[Recorded data]
------------------------------------------------------------

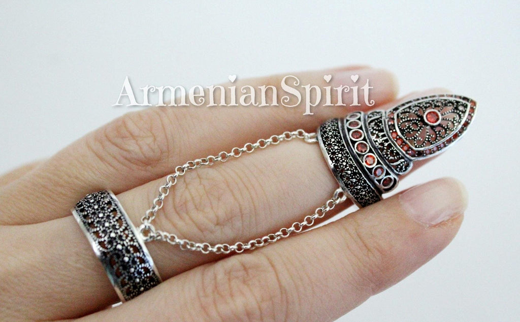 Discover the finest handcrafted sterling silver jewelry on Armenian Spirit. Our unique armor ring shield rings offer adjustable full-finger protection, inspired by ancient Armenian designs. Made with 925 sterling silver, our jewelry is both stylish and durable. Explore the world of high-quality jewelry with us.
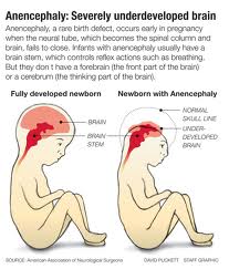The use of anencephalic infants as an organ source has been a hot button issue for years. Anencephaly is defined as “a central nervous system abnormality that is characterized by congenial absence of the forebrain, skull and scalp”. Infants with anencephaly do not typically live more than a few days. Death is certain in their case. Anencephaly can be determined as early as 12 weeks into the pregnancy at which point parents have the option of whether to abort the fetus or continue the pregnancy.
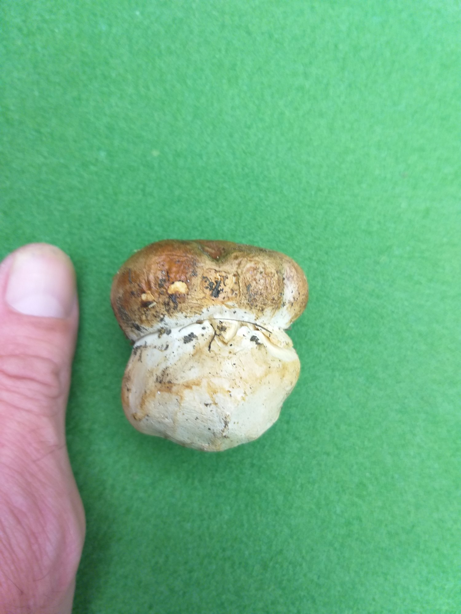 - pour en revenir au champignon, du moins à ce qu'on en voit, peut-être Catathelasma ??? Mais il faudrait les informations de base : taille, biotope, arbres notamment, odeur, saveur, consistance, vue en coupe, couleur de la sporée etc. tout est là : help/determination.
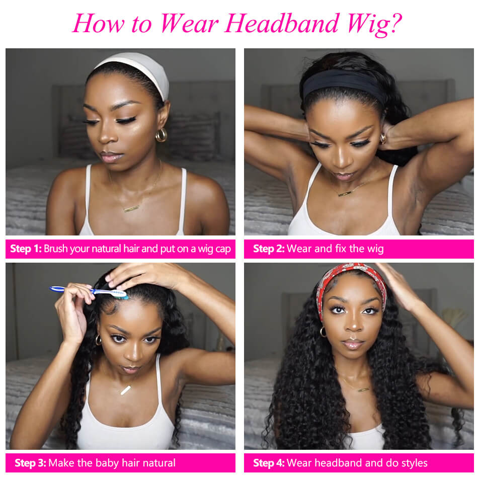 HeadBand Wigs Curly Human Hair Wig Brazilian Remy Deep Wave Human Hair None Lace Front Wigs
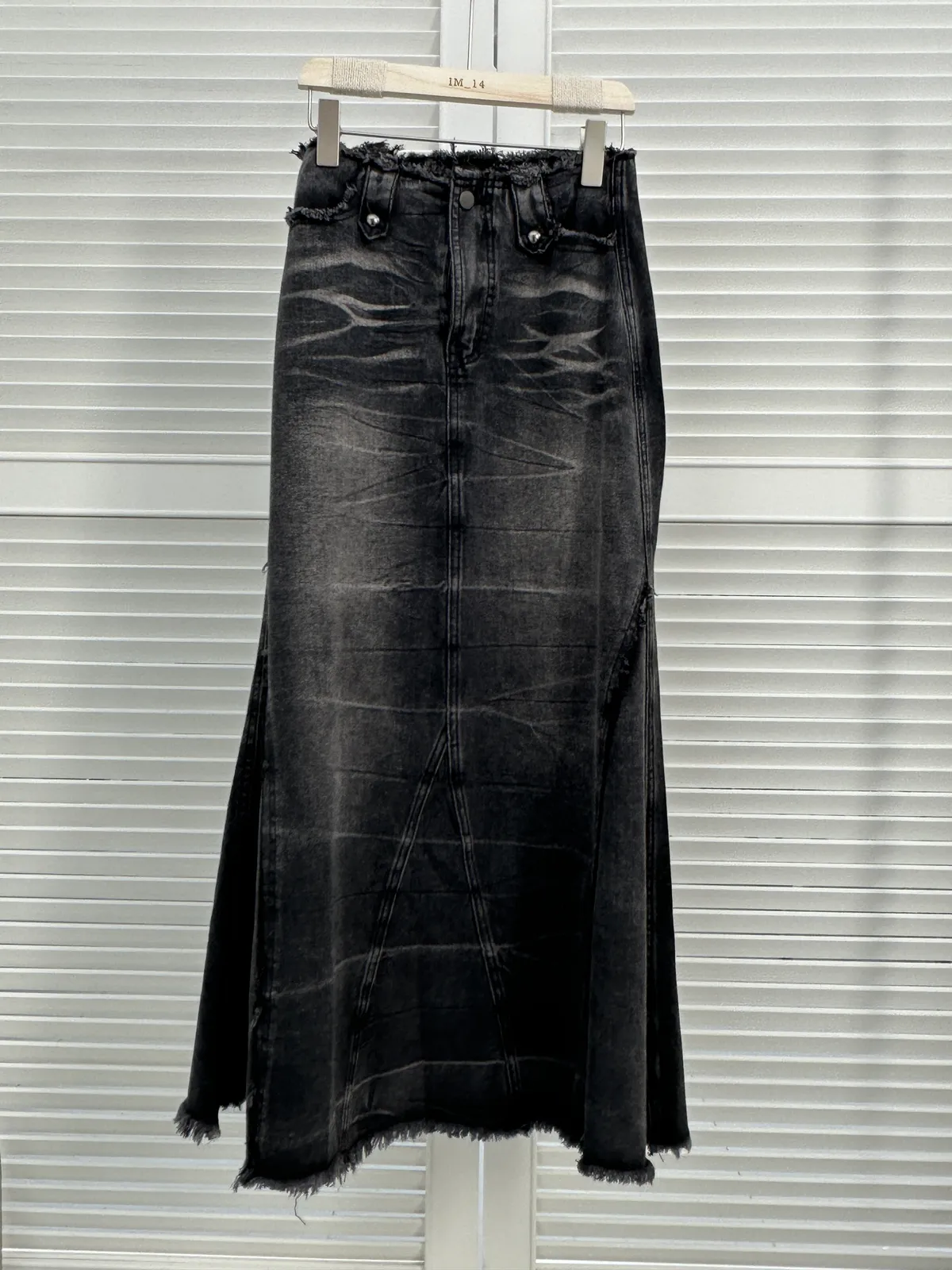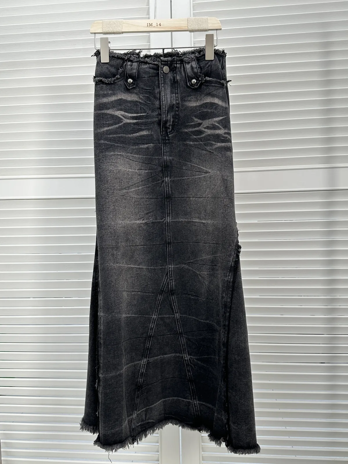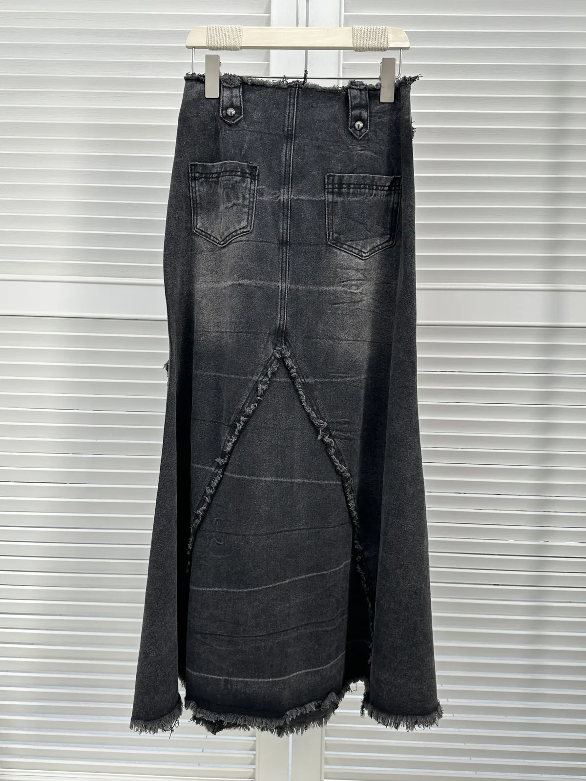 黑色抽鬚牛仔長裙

------------------------------------------------------------

What this task involves
Transcribe all lines above exactly, skipping pictures.

Finished exercise
 Discover the finest handcrafted sterling silver jewelry on Armenian Spirit. Our unique armor ring shield rings offer adjustable full-finger protection, inspired by ancient Armenian designs. Made with 925 sterling silver, our jewelry is both stylish and durable. Explore the world of high-quality jewelry with us.
The use of anencephalic infants as an organ source has been a hot button issue for years. Anencephaly is defined as “a central nervous system abnormality that is characterized by congenial absence of the forebrain, skull and scalp”. Infants with anencephaly do not typically live more than a few days. Death is certain in their case. Anencephaly can be determined as early as 12 weeks into the pregnancy at which point parents have the option of whether to abort the fetus or continue the pregnancy.
 - pour en revenir au champignon, du moins à ce qu'on en voit, peut-être Catathelasma ??? Mais il faudrait les informations de base : taille, biotope, arbres notamment, odeur, saveur, consistance, vue en coupe, couleur de la sporée etc. tout est là : help/determination.
 HeadBand Wigs Curly Human Hair Wig Brazilian Remy Deep Wave Human Hair None Lace Front Wigs
 黑色抽鬚牛仔長裙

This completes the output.